Chapter 6: Confidence Intervals and Limit of Detection (LoD)
In ddPCR, it is important not only to estimate the concentration of the target gene, but also to quantify the uncertainty of that estimate. This is typically done by calculating confidence intervals (CIs) for the estimated copy number.
Confidence Interval for Proportion of Positive Droplets
Let:
\(N\): total number of droplets
\(p\): number of positive droplets
Then the observed proportion is:
\[ \hat{p} = \frac{p}{N} \]
The confidence interval for this proportion can be calculated using binomial methods, such as:
- Wald method (simplest, but less accurate when \(p\) is near 0 or 1)
- Wilson score interval
- Exact (Clopper-Pearson) method
We can then transform this interval into a CI for \(\lambda\) (CPD), and then into concentration.
R Example: Using binom
Package
## Warning: package 'binom' was built under R version 4.4.3
## method x n mean lower upper
## 1 exact 200 20000 0.01 0.008667639 0.01147755
This gives the lower and upper bounds for the proportion of positive droplets.
We then compute:
lambda_lower <- -log(1 - 0.008589)
lambda_upper <- -log(1 - 0.010316)
v <- 20 / N # droplet volume
d <- 1 # no dilution
conc_lower <- lambda_lower * d / v
conc_upper <- lambda_upper * d / v
round(c(conc_lower, conc_upper), 2)
## [1] 8.63 10.37
Interpretation
The estimated concentration is about 10.05 copies/μL
The 95% confidence interval is roughly [8.6, 10.8] copies/μL
The uncertainty reflects both the number of positive droplets and the total droplet count
Defining Limit of Detection (LoD)
LoD is often defined as the lowest concentration that gives a statistically significant number of positive droplets, with an acceptably low false negative rate.
A common approach is:
- Simulate or calculate the probability of detecting at least one positive droplet at a given \(\lambda\)

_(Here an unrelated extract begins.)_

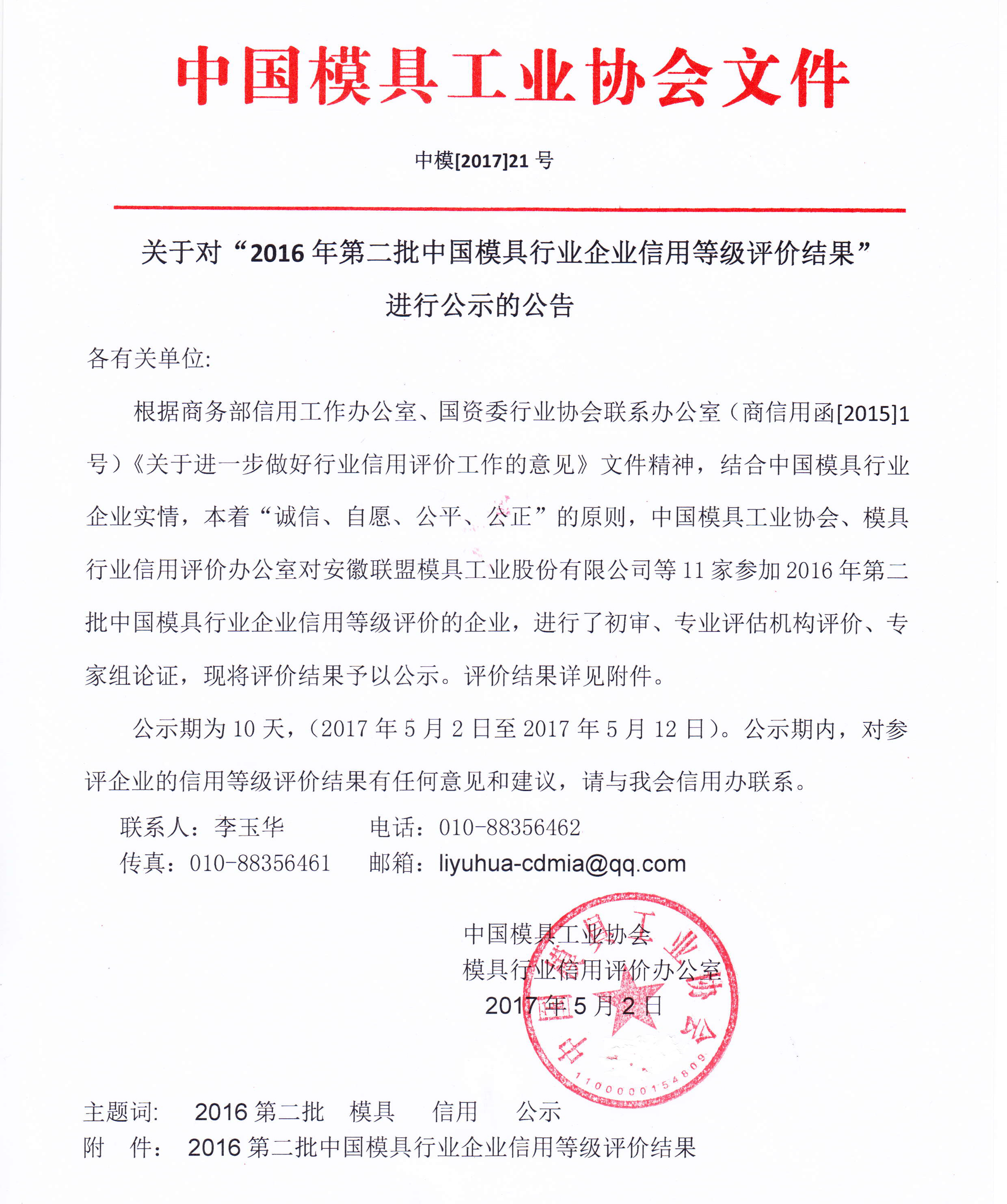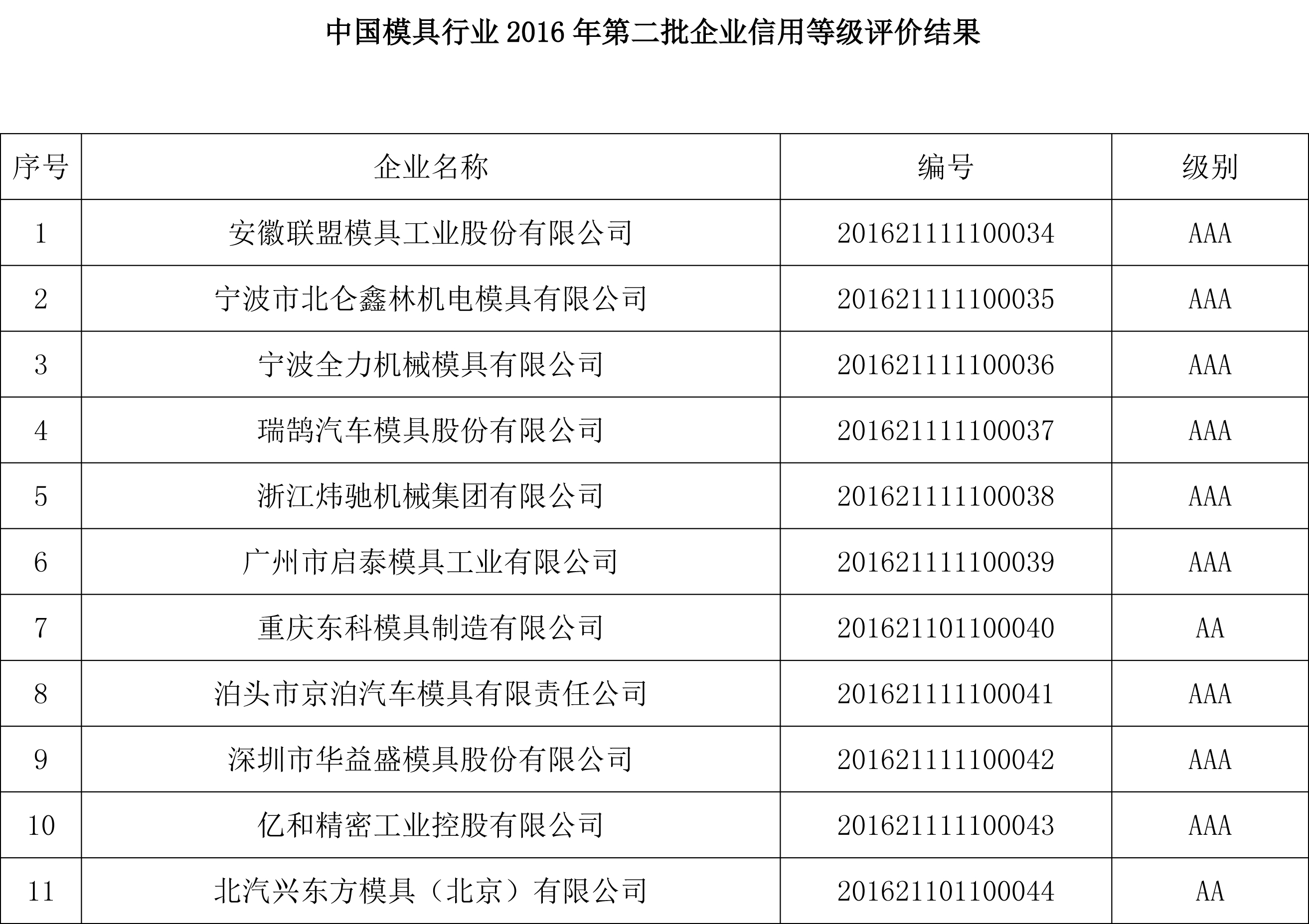 關(guān)于對“2016年第二批中國模具行業(yè)企業(yè)信用等級評價(jià)結果”進(jìn)行公示的公告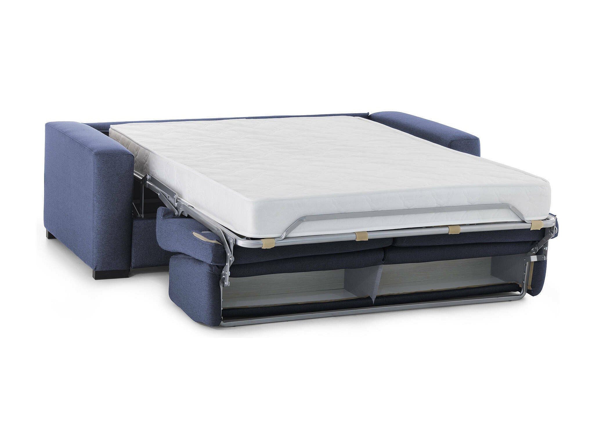 Alexis slaapbank, grote 2-zitsbank, 100% Made in Italy, woonkamerbank met draaibare opening, in gewatteerde stof, met standaard armleuningen, 200x95h90 cm, blauw

- Require that this probability exceeds 1 - α, e.g., 95%
This was demonstrated in the previous chapter using:
\[ P(X=0) = e^{-\lambda}, \ \lambda_{LOD} = -ln(\alpha) \]
Summary
- Confidence intervals for ddPCR results can be constructed by first computing the CI for the proportion of positive droplets.
- The LoD can be estimated as the smallest concentration that still results in a sufficiently high probability of detection.
This closes the foundational mathematical modeling of ddPCR.